Description
It’s time to save our dungeons to disk. If we’re going to save them, we also want to load them, and of
course, if there’s nothing to load, we’ll still want to generate new ones.
In Linux and UNIX, we hide files by beginning their names with a dot (take a look at the assignment 0
code and you’ll see that we create a hidden directory to store frame data). We call them dot files. If you list
a directory with ls, you won’t see dot files by default (it’s possible your shell is configured to give different
behavior, however). Passing the -a switch to ls will force it to list all, which includes hidden files. Try it.

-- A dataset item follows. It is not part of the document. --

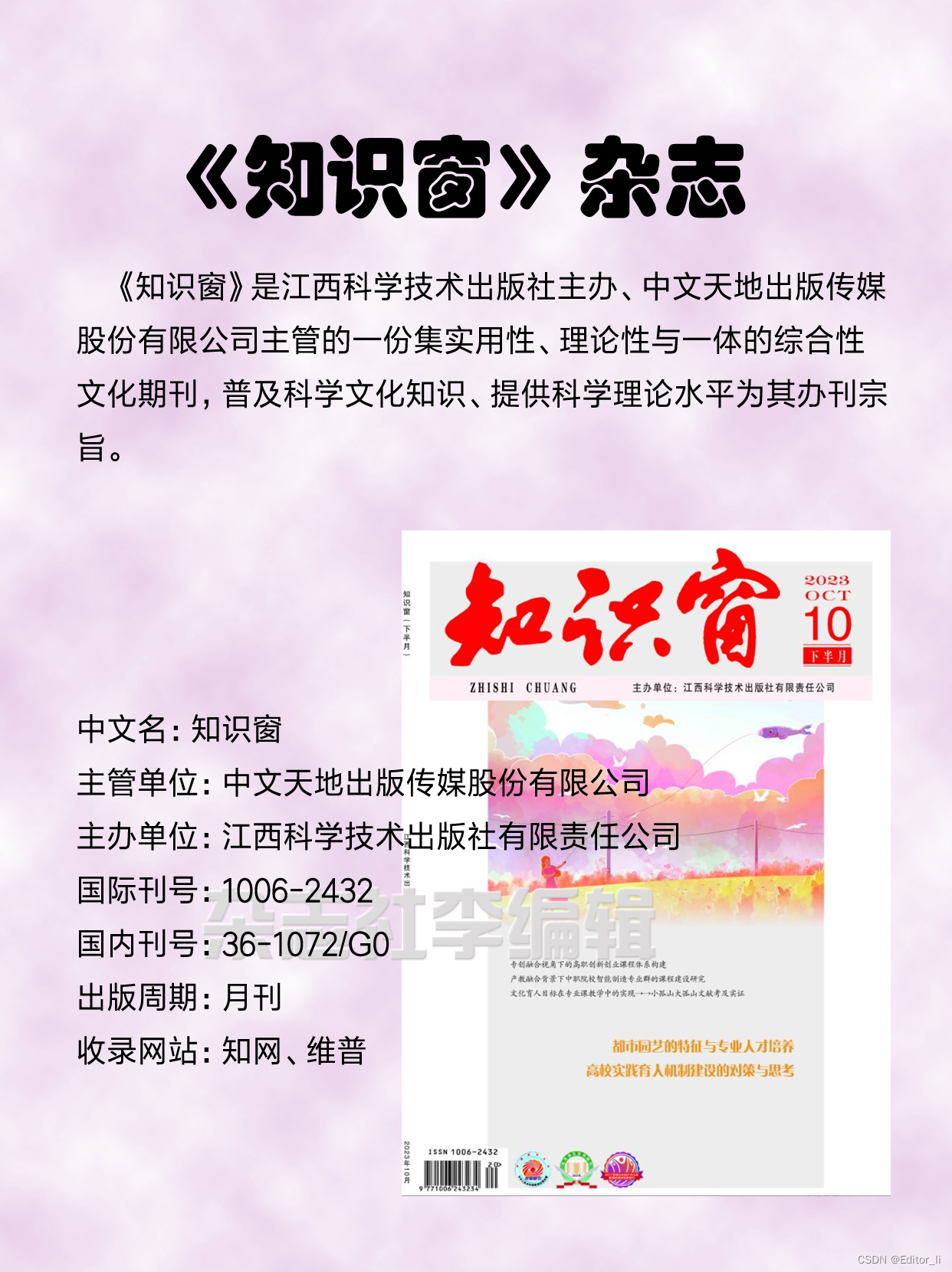 《知识窗》是一本由江西科学技术出版社和中文天地出版传媒主办的月刊,专注于科学文化的普及与理论提升,被知网和维普等收录。

Be very careful of the rookie sysadmin mistake of trying to clean up all dot files with ‘rm -rf .*’. This
probably doesn’t do what you expect. To understand why, consider that ‘.’ is another name (an alias) for the
current directory and ‘..’ is the parent of the current directory. To get some idea of just how much damage
the command above can do, try issuing the command ‘ls -aR’.
We’ll store all of our game data for our Roguelike game in a hidden directory one level below our home
directories. We’ll call it, creatively enough, .rlg327. You can create this directly manually in the shell with
the mkdir command, or alternatively, you may use the mkdir(2) system call to do it in your program. Since
this is a system call, it’s more of something for an operating systems class than for this one, so we won’t
require you to use it. Since the game data directory is under your home, you need to know how to find that.
Use getenv(3) with the argument “HOME”. Concatenate .rlg327/ on to that. Then our dungeon will be
saved there in a file named dungeon.
For now, our default will always be to generate a new dungeon, display it, and exit. We’ll add two
switches, –save and –load. The save switch will cause the game to save the dungeon to disk before
terminating. The load switch will load the dungeon from disk, rather than generate a new one, then display
it and exit. The game can take both switches at the same time, in which case it reads the dungeon from disk,
displays it, rewrites it, and exits. You should be able to load, display, and save the same dungeon over and
over. If things change from run to run, you have a bug. This is a very good test of both your save and load
routines!
Our dungeon file format follows. All data is written in network order (big-endian). You’ll need to ensure
that you are doing the endianness conversions on both ends (reading and writing). All code in C.
Bytes Values
0–5 A semantic file-type marker with the value RLG327
6–9 An unsigned 32-bit integer file version marker with the value 0
10–13 An unsigned 32-bit integer size of the file
14–1693 The row-major dungeon matrix from top to bottom, with one byte, containing cell hardness, per cell. The hardness ranges from zero to 255, with zero representing open space
(room or corridor) and 255 representing immutable rock (probably only the border).
1694–end The positions of all of the rooms in the dungeon, given with 4 unsigned 8-bit integers
each. The first byte is the x position of the upper left corner of the room; the second byte
is the x size (width) of the room; the third byte is the y position of the upper left corner
of the room; and the fourth byte is the y size (height) of the room.
Everybody’s program, if correct, should load anybody else’s file! If your dungeon doesn’t have a “hardness” concept, add it now. It will be needed for a later stage of development. If you’ve implemented
non-rectangular rooms, you have two choices:
1. Change your code to make them rectangular.
2. Decompose them into contiguous, rectangular subrooms. The decomposition could even be to contiguous 1 × 1 rooms, which would be an incredibly inelegant implementation, but which would get
the job done.
Even if your dungeon generation routines limit your dungeon to a fixed maximum number of rooms, your
load routines should have no limit, otherwise, some of us will write dungeons that others cannot read.